▶ **What is expected**
Starting at the line that contains "The pearl necklace" and ending at the line that contains "NO. 99/P | |||", the lines below are to be given again exactly, with nothing added.

▶ **Provided records**
+-------+

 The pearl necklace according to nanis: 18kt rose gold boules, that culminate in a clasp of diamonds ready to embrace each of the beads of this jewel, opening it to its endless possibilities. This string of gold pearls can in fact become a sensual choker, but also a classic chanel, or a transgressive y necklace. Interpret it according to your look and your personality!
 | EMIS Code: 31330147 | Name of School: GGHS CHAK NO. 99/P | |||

+-------+

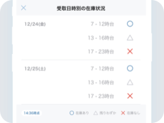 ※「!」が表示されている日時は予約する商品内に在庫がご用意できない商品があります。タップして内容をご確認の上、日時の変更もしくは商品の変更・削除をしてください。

+-------+

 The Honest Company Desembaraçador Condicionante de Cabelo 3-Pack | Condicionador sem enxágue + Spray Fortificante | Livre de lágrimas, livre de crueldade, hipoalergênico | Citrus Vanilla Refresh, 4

+-------+

▶ **Response box**
 The pearl necklace according to nanis: 18kt rose gold boules, that culminate in a clasp of diamonds ready to embrace each of the beads of this jewel, opening it to its endless possibilities. This string of gold pearls can in fact become a sensual choker, but also a classic chanel, or a transgressive y necklace. Interpret it according to your look and your personality!
 | EMIS Code: 31330147 | Name of School: GGHS CHAK NO. 99/P | |||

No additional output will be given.